- _TASK ITEM_: Note each line of the entries that includes "себя". Then copy those lines.

- _DATA TO USE_:

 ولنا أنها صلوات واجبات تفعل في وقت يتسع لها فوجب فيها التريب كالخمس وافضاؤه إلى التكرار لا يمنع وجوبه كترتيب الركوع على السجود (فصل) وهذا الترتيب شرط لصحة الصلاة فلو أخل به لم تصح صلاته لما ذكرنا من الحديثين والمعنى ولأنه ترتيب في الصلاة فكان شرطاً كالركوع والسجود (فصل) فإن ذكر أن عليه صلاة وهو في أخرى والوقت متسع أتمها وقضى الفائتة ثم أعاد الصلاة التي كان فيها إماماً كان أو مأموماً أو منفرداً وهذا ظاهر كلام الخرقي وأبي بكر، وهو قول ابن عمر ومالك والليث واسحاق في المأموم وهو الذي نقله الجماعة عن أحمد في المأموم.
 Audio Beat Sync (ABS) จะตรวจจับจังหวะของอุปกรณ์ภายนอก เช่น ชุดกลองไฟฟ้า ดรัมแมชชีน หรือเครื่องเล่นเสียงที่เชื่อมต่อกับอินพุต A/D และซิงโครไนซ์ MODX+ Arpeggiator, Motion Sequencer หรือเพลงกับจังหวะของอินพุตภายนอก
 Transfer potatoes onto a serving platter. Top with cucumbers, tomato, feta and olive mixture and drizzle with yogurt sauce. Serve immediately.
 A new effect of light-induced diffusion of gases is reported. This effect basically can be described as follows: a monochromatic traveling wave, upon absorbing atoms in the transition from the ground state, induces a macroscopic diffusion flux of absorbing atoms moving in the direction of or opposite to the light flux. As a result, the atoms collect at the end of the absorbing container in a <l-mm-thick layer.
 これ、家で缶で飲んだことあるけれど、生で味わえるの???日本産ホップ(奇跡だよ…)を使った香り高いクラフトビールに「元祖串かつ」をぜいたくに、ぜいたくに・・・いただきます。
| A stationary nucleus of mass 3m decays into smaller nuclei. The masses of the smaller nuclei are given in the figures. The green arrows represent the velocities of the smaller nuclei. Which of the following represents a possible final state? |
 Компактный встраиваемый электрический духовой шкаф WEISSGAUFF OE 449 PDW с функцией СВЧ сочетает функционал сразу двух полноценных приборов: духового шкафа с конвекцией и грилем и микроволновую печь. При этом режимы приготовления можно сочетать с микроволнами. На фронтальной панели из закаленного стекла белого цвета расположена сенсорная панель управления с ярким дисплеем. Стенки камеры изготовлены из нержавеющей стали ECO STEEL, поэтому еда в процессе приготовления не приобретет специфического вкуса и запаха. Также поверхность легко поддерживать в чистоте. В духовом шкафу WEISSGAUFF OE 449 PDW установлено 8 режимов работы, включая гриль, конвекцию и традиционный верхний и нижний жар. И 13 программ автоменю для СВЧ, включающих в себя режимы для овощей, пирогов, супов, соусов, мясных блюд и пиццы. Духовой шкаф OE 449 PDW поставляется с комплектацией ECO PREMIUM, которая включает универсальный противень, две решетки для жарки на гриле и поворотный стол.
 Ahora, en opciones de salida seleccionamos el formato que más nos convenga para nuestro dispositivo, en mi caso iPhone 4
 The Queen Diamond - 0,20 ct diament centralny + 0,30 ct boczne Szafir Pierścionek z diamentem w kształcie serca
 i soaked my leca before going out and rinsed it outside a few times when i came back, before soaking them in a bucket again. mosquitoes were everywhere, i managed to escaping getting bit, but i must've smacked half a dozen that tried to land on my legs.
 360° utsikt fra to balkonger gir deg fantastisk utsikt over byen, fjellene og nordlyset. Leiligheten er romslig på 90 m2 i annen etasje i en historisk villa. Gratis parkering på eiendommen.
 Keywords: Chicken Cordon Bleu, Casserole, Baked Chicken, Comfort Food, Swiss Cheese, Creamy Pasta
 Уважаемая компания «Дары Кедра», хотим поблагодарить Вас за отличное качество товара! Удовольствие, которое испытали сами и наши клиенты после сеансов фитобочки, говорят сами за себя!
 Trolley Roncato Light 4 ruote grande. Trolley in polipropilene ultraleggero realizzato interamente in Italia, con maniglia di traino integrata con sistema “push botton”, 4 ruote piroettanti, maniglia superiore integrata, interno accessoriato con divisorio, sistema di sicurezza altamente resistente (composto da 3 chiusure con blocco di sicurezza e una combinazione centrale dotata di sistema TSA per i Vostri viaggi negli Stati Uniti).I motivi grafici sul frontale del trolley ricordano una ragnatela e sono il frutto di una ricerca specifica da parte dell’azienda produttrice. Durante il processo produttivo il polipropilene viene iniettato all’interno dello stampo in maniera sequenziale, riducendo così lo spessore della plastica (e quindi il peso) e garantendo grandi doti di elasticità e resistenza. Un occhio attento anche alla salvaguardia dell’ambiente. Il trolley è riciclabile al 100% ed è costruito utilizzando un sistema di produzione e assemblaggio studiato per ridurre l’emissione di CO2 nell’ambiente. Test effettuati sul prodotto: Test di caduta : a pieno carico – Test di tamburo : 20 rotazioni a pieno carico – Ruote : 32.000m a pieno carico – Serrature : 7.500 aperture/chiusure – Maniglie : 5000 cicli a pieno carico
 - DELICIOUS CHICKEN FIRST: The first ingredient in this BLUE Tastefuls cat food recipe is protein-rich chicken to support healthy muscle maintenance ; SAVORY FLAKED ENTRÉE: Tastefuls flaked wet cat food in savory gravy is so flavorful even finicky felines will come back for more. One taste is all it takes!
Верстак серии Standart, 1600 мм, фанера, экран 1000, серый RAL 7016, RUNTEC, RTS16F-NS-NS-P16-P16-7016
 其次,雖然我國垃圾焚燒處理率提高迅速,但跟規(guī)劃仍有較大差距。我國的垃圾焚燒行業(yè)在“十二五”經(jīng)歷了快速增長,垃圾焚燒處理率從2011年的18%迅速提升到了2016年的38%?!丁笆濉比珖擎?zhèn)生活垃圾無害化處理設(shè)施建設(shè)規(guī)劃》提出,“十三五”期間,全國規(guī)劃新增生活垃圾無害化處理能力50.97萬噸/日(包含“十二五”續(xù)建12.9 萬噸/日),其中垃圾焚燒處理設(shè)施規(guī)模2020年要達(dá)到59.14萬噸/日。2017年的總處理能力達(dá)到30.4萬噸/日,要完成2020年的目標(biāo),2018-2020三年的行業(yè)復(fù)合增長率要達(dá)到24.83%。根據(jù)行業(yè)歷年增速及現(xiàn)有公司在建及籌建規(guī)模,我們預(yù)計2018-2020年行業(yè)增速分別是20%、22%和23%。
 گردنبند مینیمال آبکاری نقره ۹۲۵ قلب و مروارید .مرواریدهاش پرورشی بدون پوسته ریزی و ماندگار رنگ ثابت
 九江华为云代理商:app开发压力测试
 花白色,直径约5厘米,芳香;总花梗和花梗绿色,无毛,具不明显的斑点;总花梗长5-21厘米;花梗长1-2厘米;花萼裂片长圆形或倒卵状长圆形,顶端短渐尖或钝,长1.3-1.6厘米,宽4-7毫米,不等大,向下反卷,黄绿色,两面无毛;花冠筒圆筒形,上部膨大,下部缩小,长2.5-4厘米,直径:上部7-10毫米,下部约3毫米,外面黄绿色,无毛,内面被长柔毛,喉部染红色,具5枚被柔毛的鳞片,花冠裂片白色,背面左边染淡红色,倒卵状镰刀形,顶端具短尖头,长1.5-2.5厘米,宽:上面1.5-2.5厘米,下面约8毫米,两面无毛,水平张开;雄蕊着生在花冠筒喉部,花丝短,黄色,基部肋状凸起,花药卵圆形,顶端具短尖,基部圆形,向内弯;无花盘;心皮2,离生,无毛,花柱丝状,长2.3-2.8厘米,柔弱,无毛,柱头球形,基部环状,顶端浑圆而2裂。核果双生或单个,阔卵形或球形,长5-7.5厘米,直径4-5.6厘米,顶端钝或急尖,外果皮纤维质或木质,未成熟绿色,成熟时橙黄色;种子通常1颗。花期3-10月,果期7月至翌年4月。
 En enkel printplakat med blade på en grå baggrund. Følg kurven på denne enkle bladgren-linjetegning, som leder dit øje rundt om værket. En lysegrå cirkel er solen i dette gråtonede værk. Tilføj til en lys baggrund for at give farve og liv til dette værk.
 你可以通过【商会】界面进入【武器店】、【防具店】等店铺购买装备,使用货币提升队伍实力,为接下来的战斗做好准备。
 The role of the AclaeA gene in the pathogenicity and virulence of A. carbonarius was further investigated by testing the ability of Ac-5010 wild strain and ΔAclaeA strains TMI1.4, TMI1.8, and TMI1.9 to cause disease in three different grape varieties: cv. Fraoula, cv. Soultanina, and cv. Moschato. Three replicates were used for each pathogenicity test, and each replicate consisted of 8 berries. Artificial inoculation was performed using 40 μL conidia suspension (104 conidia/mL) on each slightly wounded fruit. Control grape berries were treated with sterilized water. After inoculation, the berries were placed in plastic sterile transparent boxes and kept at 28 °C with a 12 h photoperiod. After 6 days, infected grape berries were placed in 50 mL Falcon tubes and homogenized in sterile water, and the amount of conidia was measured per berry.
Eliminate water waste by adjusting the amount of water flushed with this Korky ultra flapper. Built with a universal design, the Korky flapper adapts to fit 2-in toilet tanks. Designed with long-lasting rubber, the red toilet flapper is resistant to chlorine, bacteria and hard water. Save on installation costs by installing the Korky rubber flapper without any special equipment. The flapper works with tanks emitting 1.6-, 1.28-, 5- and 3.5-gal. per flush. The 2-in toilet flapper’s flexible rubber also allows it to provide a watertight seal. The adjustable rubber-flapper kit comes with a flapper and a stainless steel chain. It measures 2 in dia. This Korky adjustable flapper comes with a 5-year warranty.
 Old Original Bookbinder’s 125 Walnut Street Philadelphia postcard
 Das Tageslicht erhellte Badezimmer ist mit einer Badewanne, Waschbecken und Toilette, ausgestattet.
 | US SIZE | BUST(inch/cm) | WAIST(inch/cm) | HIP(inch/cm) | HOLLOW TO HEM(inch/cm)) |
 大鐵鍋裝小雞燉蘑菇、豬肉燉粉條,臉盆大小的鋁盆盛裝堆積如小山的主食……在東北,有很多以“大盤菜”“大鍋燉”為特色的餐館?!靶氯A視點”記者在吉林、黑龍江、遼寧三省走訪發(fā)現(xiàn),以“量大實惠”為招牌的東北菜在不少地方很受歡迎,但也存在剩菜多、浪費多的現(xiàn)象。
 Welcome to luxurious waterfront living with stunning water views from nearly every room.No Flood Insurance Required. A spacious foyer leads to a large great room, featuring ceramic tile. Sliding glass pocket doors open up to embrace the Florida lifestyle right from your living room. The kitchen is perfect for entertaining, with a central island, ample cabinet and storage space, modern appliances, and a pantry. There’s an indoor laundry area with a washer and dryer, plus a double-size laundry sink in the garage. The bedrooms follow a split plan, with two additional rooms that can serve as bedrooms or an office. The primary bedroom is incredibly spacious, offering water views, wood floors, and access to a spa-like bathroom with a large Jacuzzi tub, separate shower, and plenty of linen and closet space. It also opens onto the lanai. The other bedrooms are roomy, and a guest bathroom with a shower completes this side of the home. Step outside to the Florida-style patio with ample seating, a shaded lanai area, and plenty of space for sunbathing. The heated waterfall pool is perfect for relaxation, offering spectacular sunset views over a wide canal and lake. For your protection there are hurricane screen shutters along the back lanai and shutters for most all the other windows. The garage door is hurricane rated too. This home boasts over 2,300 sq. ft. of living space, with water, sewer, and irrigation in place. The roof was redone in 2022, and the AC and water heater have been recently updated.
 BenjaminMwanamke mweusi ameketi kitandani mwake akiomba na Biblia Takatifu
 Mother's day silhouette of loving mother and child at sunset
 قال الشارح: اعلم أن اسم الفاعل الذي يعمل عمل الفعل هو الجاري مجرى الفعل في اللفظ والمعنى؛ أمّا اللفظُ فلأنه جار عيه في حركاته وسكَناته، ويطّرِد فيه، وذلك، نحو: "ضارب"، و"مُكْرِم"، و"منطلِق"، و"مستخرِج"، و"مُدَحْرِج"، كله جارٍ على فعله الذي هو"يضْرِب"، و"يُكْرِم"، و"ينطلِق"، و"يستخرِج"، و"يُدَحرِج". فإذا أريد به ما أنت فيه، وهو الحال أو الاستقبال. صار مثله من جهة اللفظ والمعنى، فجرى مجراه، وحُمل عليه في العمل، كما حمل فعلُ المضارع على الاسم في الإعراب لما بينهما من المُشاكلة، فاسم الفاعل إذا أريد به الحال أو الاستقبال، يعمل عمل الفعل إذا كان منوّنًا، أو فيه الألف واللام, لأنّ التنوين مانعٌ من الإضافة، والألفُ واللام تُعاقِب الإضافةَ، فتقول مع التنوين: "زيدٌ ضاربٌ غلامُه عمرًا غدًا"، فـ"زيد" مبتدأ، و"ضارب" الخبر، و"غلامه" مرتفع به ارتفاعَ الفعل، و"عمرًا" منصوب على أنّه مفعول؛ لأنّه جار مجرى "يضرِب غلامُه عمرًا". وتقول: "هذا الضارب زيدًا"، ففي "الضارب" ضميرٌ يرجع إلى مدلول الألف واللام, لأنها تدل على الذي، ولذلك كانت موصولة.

- _ANSWER SECTION_:
 Компактный встраиваемый электрический духовой шкаф WEISSGAUFF OE 449 PDW с функцией СВЧ сочетает функционал сразу двух полноценных приборов: духового шкафа с конвекцией и грилем и микроволновую печь. При этом режимы приготовления можно сочетать с микроволнами. На фронтальной панели из закаленного стекла белого цвета расположена сенсорная панель управления с ярким дисплеем. Стенки камеры изготовлены из нержавеющей стали ECO STEEL, поэтому еда в процессе приготовления не приобретет специфического вкуса и запаха. Также поверхность легко поддерживать в чистоте. В духовом шкафу WEISSGAUFF OE 449 PDW установлено 8 режимов работы, включая гриль, конвекцию и традиционный верхний и нижний жар. И 13 программ автоменю для СВЧ, включающих в себя режимы для овощей, пирогов, супов, соусов, мясных блюд и пиццы. Духовой шкаф OE 449 PDW поставляется с комплектацией ECO PREMIUM, которая включает универсальный противень, две решетки для жарки на гриле и поворотный стол.
 Уважаемая компания «Дары Кедра», хотим поблагодарить Вас за отличное качество товара! Удовольствие, которое испытали сами и наши клиенты после сеансов фитобочки, говорят сами за себя!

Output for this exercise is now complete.